Spüren Sie noch mehr Druck, weil Olympia viel schlechter lief als erhofft?
Söderholm: "Überhaupt nicht. Was hat Olympia mit diesem Turnier zu tun? Null."
Bei der WM in Riga im vergangenen Jahr hat das Team nur knapp eine Medaille verpasst. Wäre es vermessen, vom zweiten Halbfinale nacheinander zu träumen?
Söderholm: "Träumen kannst du jeden Tag, wenn du willst, und sollte man wahrscheinlich auch. Aber lass uns erst den ersten Punkt im ersten Spiel gewinnen und dann schauen wir weiter. Kaltschnäuzig, bodenständig, hart - so müssen wir arbeiten, damit wir uns in eine Position bringen, dass wir erfolgreich sein können. Mehr interessiert mich nicht."
Wie lautet die genaue WM-Zielsetzung?
Söderholm: "Die haben wir noch nicht gemacht."
Wie sehr sind Sie enttäuscht, dass sich offenbar nicht alle Nationalspieler für diese WM aufraffen können?
Söderholm: "Es gibt mehrere Gründe. Wenn ein Spieler verletzt ist, dann ist er verletzt. Wenn ein Spieler keine Energie hat, dann hat er keine Energie. Wenn ein Spieler sich so fühlt, dass er der Mannschaft nicht helfen kann, dann hilft er der Mannschaft auch nicht und dann nehmen wir den nächsten.

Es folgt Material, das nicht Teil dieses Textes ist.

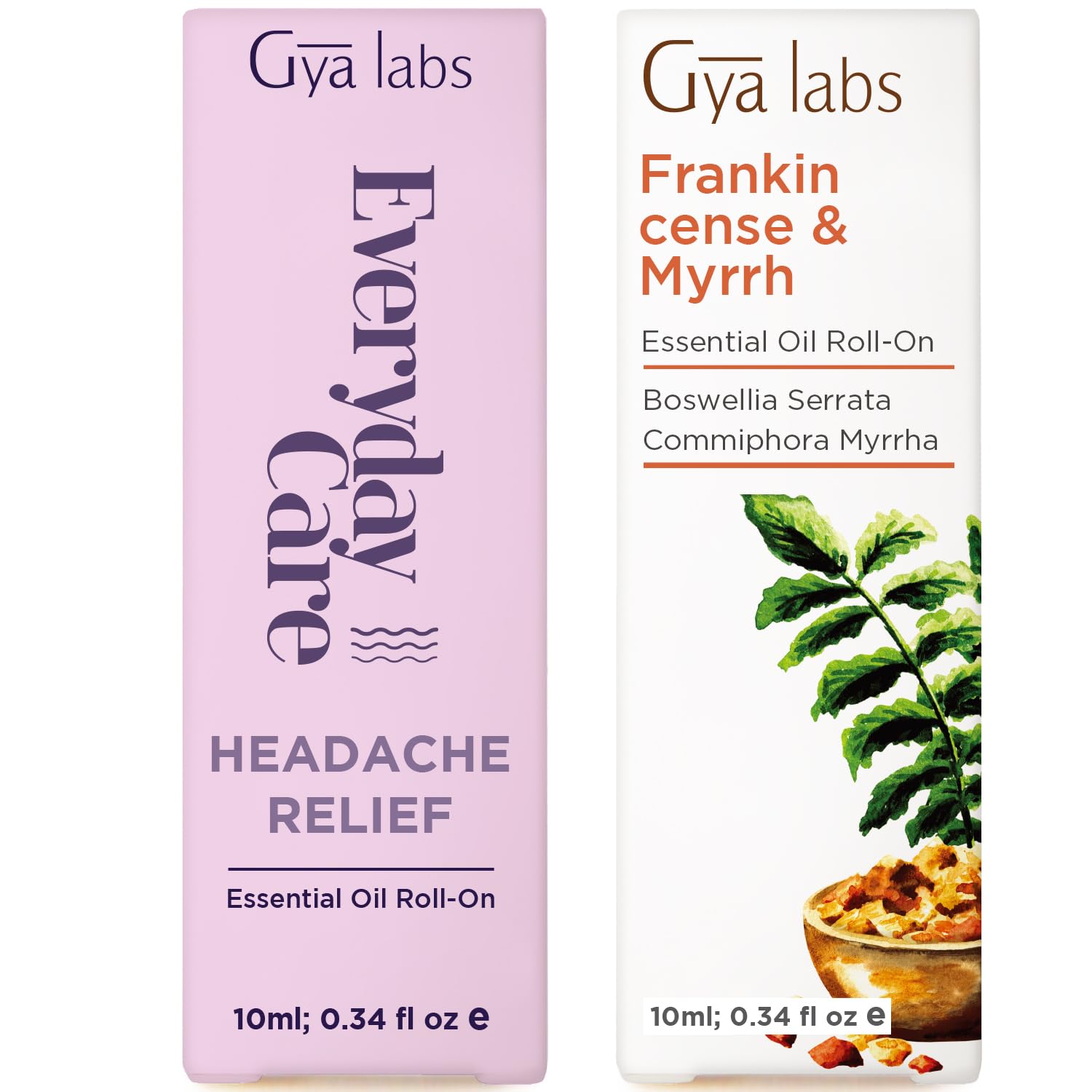 Headache Relief & Frankincense Myrrh Roll On Set - Essential Oils Aromatherapy Roll On with Essential Oil Set - 2x0.34 fl oz - Gya Labs

Da gibt es für mich nichts zu diskutieren. Einige sind verletzt, das ist für die Spieler dann auch eine Enttäuschung, wenn sie nicht dabei sein können."
NHL-Torhüter Philipp Grubauer dürfte die Rolle der Nummer eins übernehmen. Wie sehen Sie seine Rolle im Team?
Söderholm: "Er ist sehr wichtig. Philipp hat auch einen sehr guten Charakter. Er bringt auch sehr viel Selbstvertrauen mit. Er bringt ein Gefühl mit, was das Selbstvertrauen der ganzen Mannschaft stärkt. Technikmäßig ist er sehr stark. Schlittschuhtechnisch ist er sehr stark. Sein Positionsspiel ist sehr stark."
Mathias Niederberger gehört neben Grubauer zum WM-Aufgebot. Inwiefern könnte die Situation problematisch werden, wenn der beste DEL-Torwart auf der Bank sitzt?
Söderholm: "Das ist eine normale Situation bei einer Weltmeisterschaft. Normalerweise hast du deine drei besten Torhüter im Kader und einer kann immer nur spielen. Wir haben das natürlich im Vorfeld geklärt. Ich vertraue den Jungs, die kommen sehr gut miteinander und mit der Situation klar."
Verteidiger Moritz Seider hat eine sehr starke erste NHL-Saison gespielt. Wo sehen Sie die Grenzen in seiner Entwicklung?
Söderholm: "Gibt es welche? Ich glaube nicht."
Moritz Seider vermittelte in der Vergangenheit stets großes Selbstvertrauen. Wie wichtig ist seine Rolle im Team?
Söderholm: "Wichtig. Ich glaube, er hat eine sehr gute Balance zwischen dem, wann es ernst sein muss und wann die Zeit ist, Spaß zu haben. Wenn er dann seine Schlittschuhe anzieht und aufs Eis geht, dann ist es volles Business."
Welche Last kann NHL-Stürmer Tim Stützle in der Offensive trotz seines jungen Alters bereits übernehmen?
Söderholm: "Er kann sicher vieles übernehmen. Wichtig ist für uns, im Team die Mentalität zu haben, dass jemand Tore schießen kann. Tim hat sehr viel offensives Potenzial, ist technisch begabt und reagiert sehr schnell. Außerdem sind sein Auge und seine Kreativität in der Offensive auf einem sehr hohen Level."
Wer ist Ihr Titelfavorit?
Söderholm: Ich glaube, an den Finnen muss man irgendwann vorbei. Ich glaube, Kanada wird eine starke Mannschaft haben. Und es wird interessant zu sehen, was die Tschechen mit Kari Jalonen als neuem Trainer machen.
Zur Person: Toni Söderholm (44) wurde Ende 2018 überraschend Nachfolger von Marco Sturm. Der Ex-Profi war damals Trainer beim Drittligisten SC Riessersee. Bis zu den Winterspielen war eher mit seinem Abschied vom Deutschen Eishockey-Bund nach dieser WM in Helsinki und Tampere gerechnet worden. Ende März verlängerte Söderholm bis 2026.